--- TASK INPUT ---
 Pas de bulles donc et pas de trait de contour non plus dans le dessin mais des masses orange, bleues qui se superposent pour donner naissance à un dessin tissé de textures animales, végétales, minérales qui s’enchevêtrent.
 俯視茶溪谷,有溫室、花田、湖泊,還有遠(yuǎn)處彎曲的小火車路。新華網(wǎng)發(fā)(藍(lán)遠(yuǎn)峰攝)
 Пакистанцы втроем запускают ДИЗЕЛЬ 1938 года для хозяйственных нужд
...
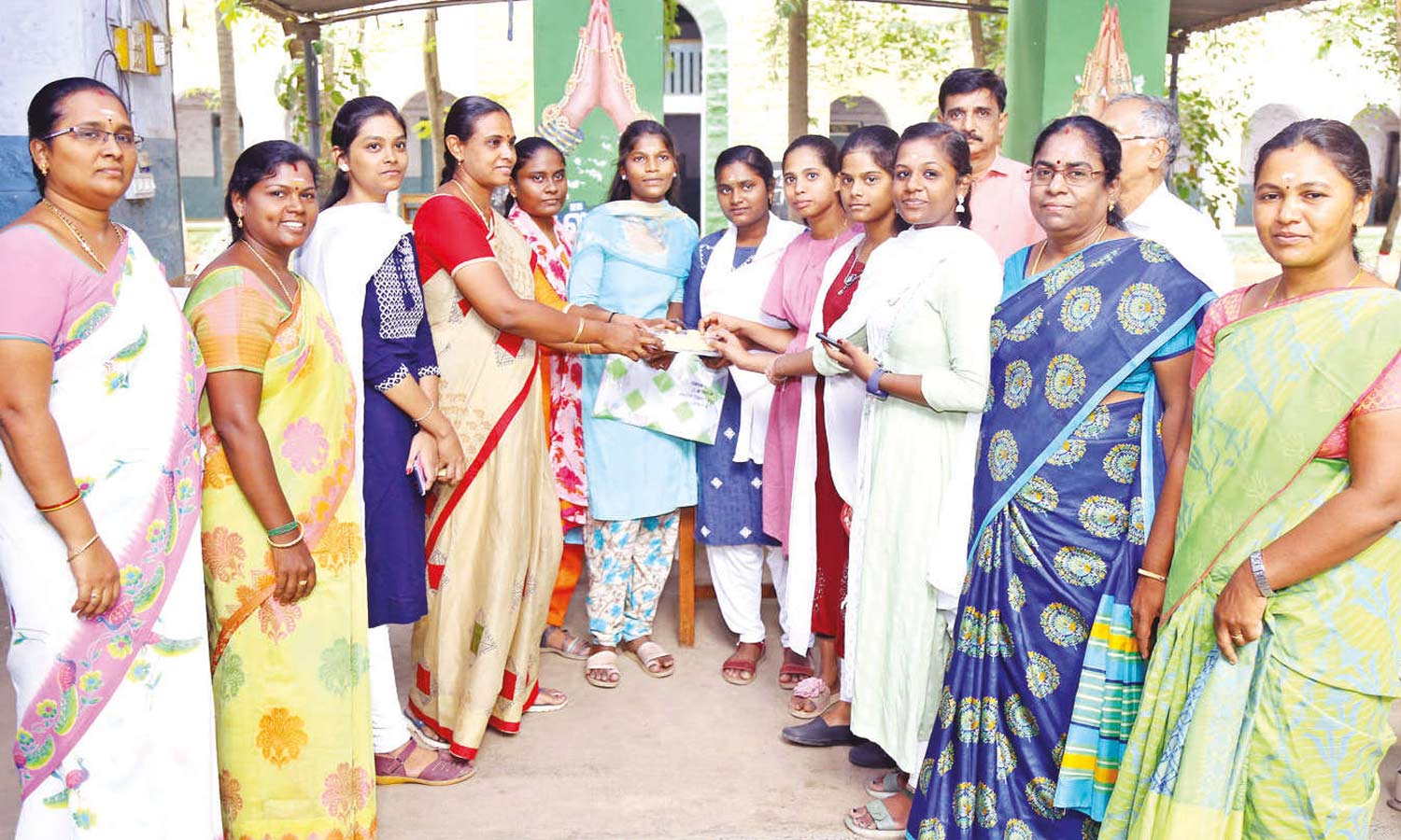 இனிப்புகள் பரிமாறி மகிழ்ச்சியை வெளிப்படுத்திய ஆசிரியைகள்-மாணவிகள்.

--- AIM OF THE TASK ---
Could you set down, exactly as written, the lines above between the one holding "Pas de bulles" and the one holding "Пакистанцы втроем запускают", inclusive, and nothing more?

--- RESPONSE BOX ---
 Pas de bulles donc et pas de trait de contour non plus dans le dessin mais des masses orange, bleues qui se superposent pour donner naissance à un dessin tissé de textures animales, végétales, minérales qui s’enchevêtrent.
 俯視茶溪谷,有溫室、花田、湖泊,還有遠(yuǎn)處彎曲的小火車路。新華網(wǎng)發(fā)(藍(lán)遠(yuǎn)峰攝)
 Пакистанцы втроем запускают ДИЗЕЛЬ 1938 года для хозяйственных нужд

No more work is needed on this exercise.